Outside, the day is growing dim. Faith’s mother is napping. Following his ski lesson, Roger has gone down to The Warming Shed for a mulled wine. The girls are seated on the couch side by side, wearing their Lanz of Salzburg flannel nighties with matching smiling monkey-face slippers. Green and yellow again, but with printed white snowflakes. They have taken their baths together, with Faith to supervise, then insisted on putting on their nighties early for their nap. They seem perfect angels and perfectly wasted on their parents. Faith has decided to pay their college tuitions. Even to Harvard.
“We know how to ski now,” Jane says primly. They’re watching Faith trim the plastic rubber-tree plant. First the blinking lights, though there’s no plug-in close enough, then the six balls (one for each family member).
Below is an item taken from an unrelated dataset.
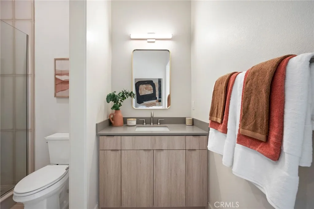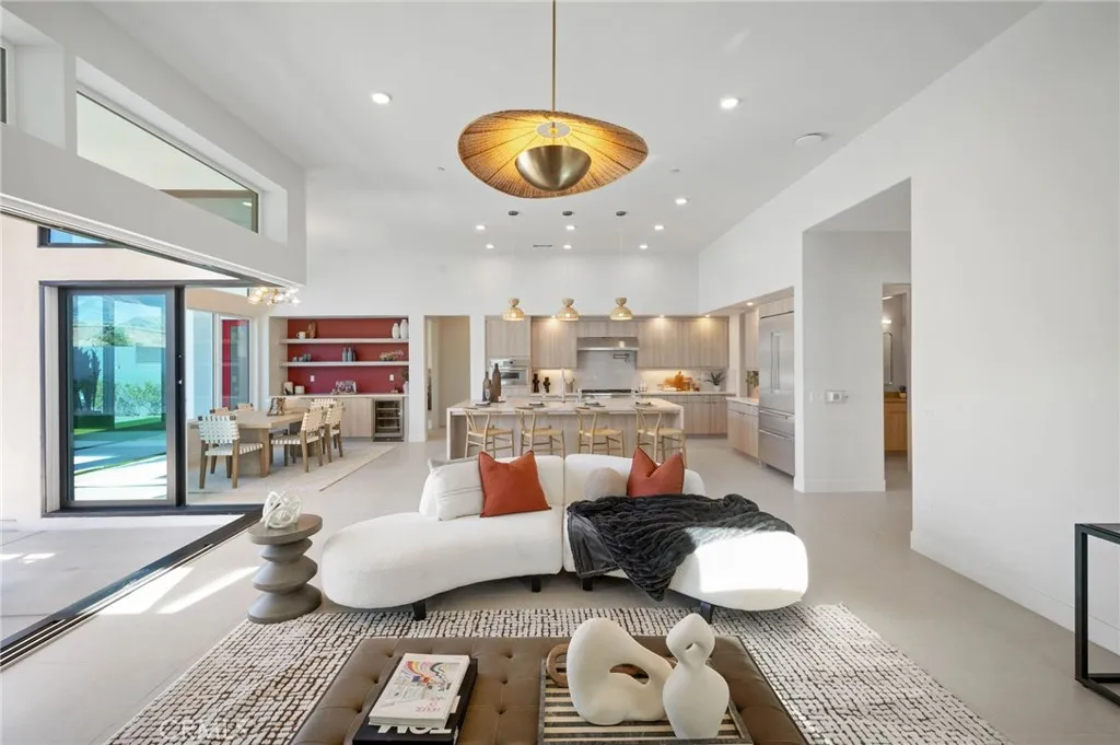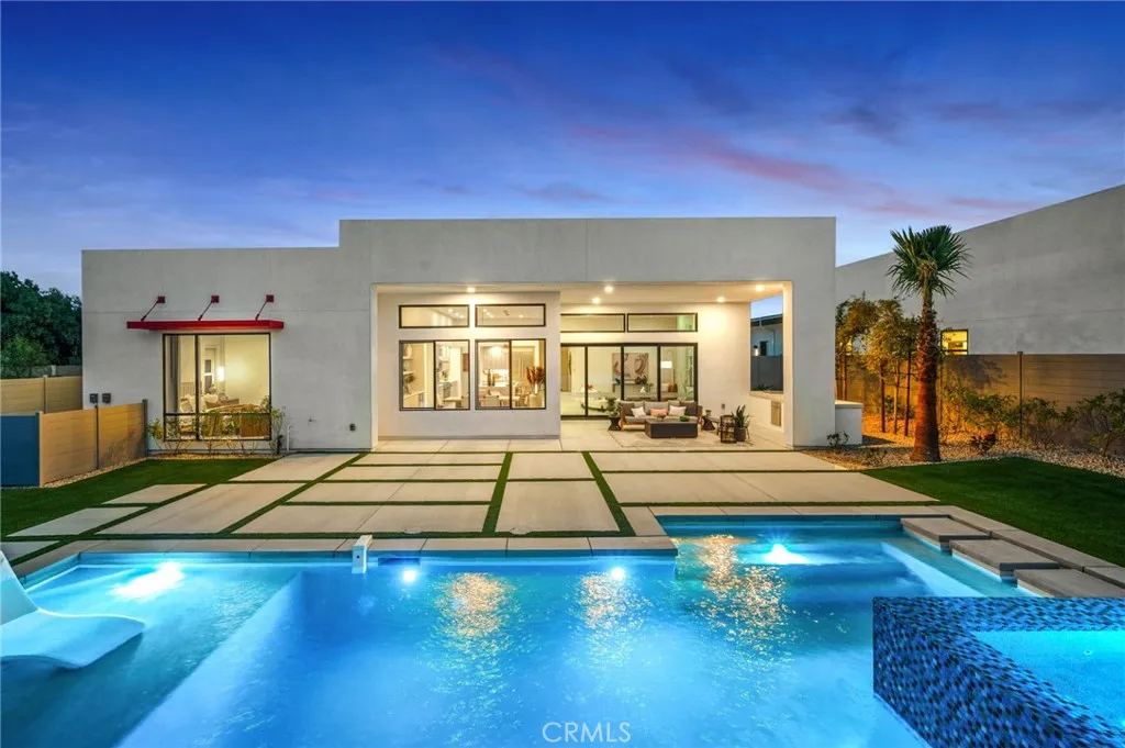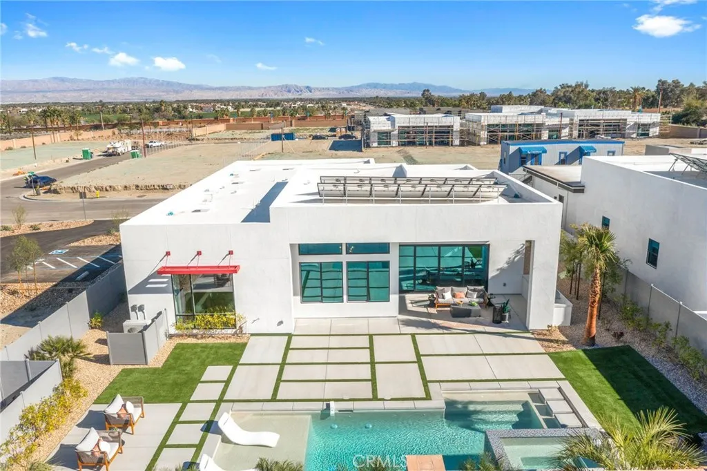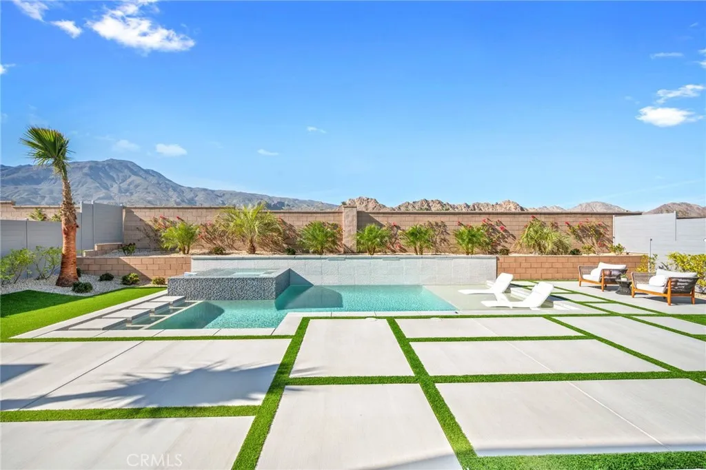 Welcome to Oasis by Crestwood Communities, a gated community offering modern desert living with breathtaking mountain views in the heart of La Quinta. This unique single-story modern home features 2,721 square feet with 3 bedrooms, 3.5 bathrooms, and a 3-car garage, and is accessed through a private gated courtyard that provides both privacy and style. there is also a flex room that can be used for exercise or art. Inside, soaring ceilings, striking 12x24 tile floors, and an open-concept great room are filled with natural light from front to back, enhanced by expansive Corner sliding glass doors at the Kitchen/Great room that create a seamless indoor-outdoor flow to the covered patio. Welcome to your resort style backyard, perfect for entertaining or relaxing beside the included pool and spa. The open kitchen is designed for both functionality and elegance, featuring designer quartz countertops, an oversized island with waterfall edges, modern flat panel cabinetry with warm accent lighting, soft-close hinges, and stainless-steel Bosch appliances. Each bedroom includes its own en-suite bathroom, while the primary suite offers a resort-style retreat with direct access to the covered patio and a spa-inspired bathroom, thoughtfully separated from guest bedrooms for added privacy. Solar is available for purchase or lease, and the home includes many additional amenities. Conveniently located near golf, hiking, biking, and horseback riding, yet away from traffic and congestion. Model grand opening is Saturday, January 24th. Photos shown are of the model home; the subject property

Last will come the gold star. Faith understands she is trying for too much. Though why not try for too much. It’s Christmas. “Marjorie wants to go to the Olympics,” Jane adds.
Jane has watched the Olympics on TV, but Marjorie was too young. It is Jane’s power position. Marjorie looks at her sister without expression, as if no one can observe her staring.
“I’m sure she’ll win a medal,” Faith says, on her knees, fiddling with the fragile strand of tiny peaked bulbs she already knows will not light up. “Would you two like to help me?” She smiles at both of them.
“No,” Jane says.
“No,” Marjorie says immediately after.
“I don’t blame you,” Faith says.
“Is Mommy coming here?” Marjorie blinks, then crosses her tiny, pale ankles. She is sleepy and could possibly cry.
“No, sweet,” Faith says. “This Christmas Mommy is doing herself a favor. So she can’t do one for us.”
“What about Vince?” Jane says authoritatively. Vince is ground that has been gone over several times before now, and carefully. Mrs. Argenbright, the girls’ therapist, has taken special pains with the Vince subject. The girls have the skinny on Mr. Vince but want to be given it again, since they like Vince more than their father.
“Vince is a guest of the state of Ohio, right now,” Faith says. “You remember that? It’s like he’s in college.”
“He’s not in college,” Jane says.
“Does he have a tree where he is,” Marjorie asks.
“Not in any real sense, at least not in his room like you do,” Faith says. “Let’s talk about happier things than our friend Vince, okay?” She is stringing bulbs now, on her knees.